Based on an examination of the item category characteristic curves (Supplemental Figure S4), we concluded that a 7-point response scale was not optimal for the ISQ-8. For all 8 items, the plots showed that there were item responses that at no point on the latent continuum were the most probable choice, thus suggesting that there were too many response options. As a result, item responses were collapsed together to create a 5-point scale (i.e., the “2”/“3” responses were combined together into a single response option, as were the “5”/“6” responses). Using this new 5-point scale, the IRT model was re-run in the adult sample. This model also showed good fit (C2(20) = 32.0, p = 0.043, CFIC2 = 0.997, RMSEAC2 = 0.035, SRMR = 0.038), no local dependencies (LD-χ2 values < 9.26), and good reliability (rxx = 0.887, 95% bootstrapped CI [0.878, 0.897]). EAP-estimated latent trait scores derived from the recoded ISQ-8 correlated very highly with those derived from the original ISQ-8 (r > 0.997). The item trace lines for the 5-point scale indicated more consistent response utilization than those for the 7-point scale, but the middle response was still shown to be underutilized in a number of cases (Supplemental Figure S4).

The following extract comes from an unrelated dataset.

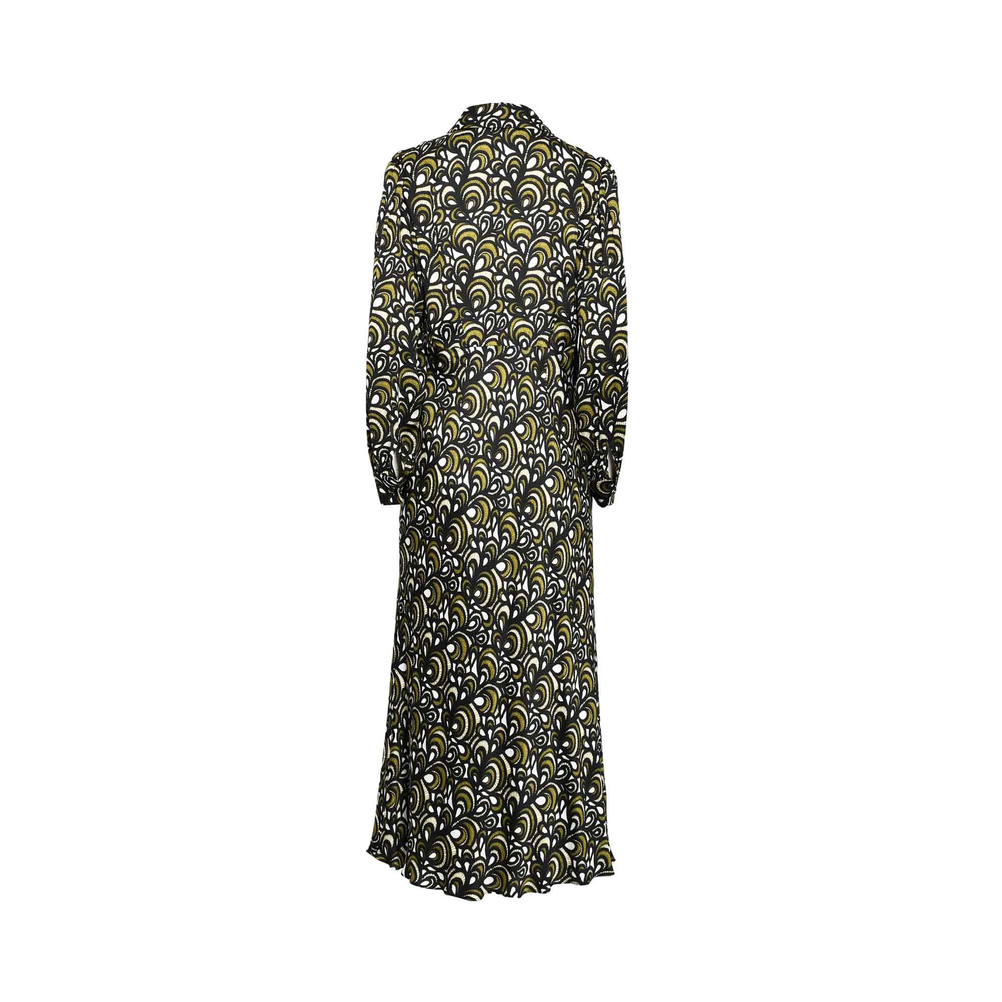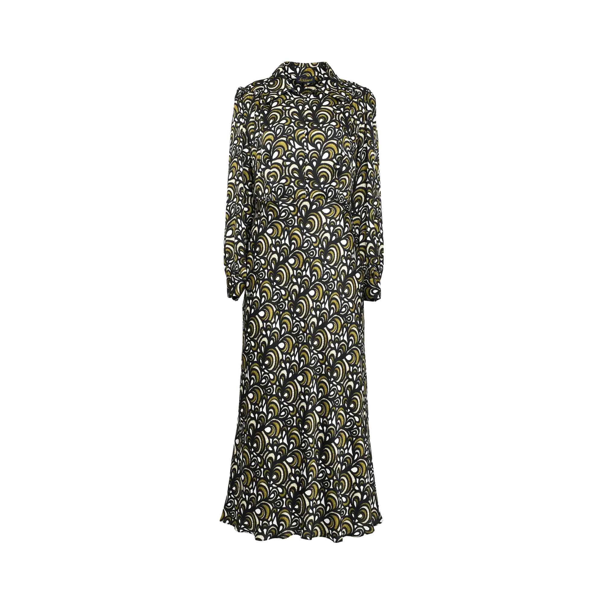 The Luisa Spagnoli Gravita Women's Military Green Dress is a stylish and sophisticated piece that combines classic design with contemporary flair. Crafted from soft, breathable viscose, the dress features a distinctive military green hue that adds a touch of elegance and versatility to your wardrobe. It is designed with a turn-down collar that enhances its refined look, while the front button fastening provides both functionality and a polished finish. The dress showcases a printed pattern, adding visual interest without overwhelming the overall aesthetic. One of its standout features is the balloon sleeves with cuffs, which lend a trendy and feminine silhouette, balancing volume and structure beautifully. Perfect for both casual and semi-formal occasions, this dress embodies a chic blend of comfort, style, and modernity.

Differential item function was also evaluated using the iterative Wald test procedure to identify differences in performance by age, sex, gender, and household income. No differential item functioning was found between any of the tested groups on any item (all p’s > 0.101, FDR corrected; see Supplemental Table S3 for full DIF results). Given that no difference was observed between the adult and adolescent groups, the two were combined and run together in another model using the 5-point scale. This model showed good overall fit (C2(20) = 48.2, p < 0.001, CFIC2 = 0.994, RMSEAC2 = 0.046, SRMR = 0.036), no local dependence (LD-χ2 values all < 9.14), and good reliability (rxx = 0.880, 95% bootstrapped CI: [0.871, 0.889]). Latent trait scores from this model (EAP estimation) correlated very highly with total scores on the original ISQ-20 (r = 0.942), and thus we concluded that this short form adequately represented the longer measure from which it was derived. A regression of ISQ-8 score on age and sex across the full sample explained very little of the variance in interoceptive sensibility (R2 = 0.045), although a statistically significant main effect of sex indicated moderately higher levels of interoceptive difficulties in autistic women and girls compared to autistic men and boys (bF-M = 0.612, p < 0.001). The main effect of age and the age by sex interaction were not significant (p’s > 0.104). Neither of these results differ according to reported sex or gender.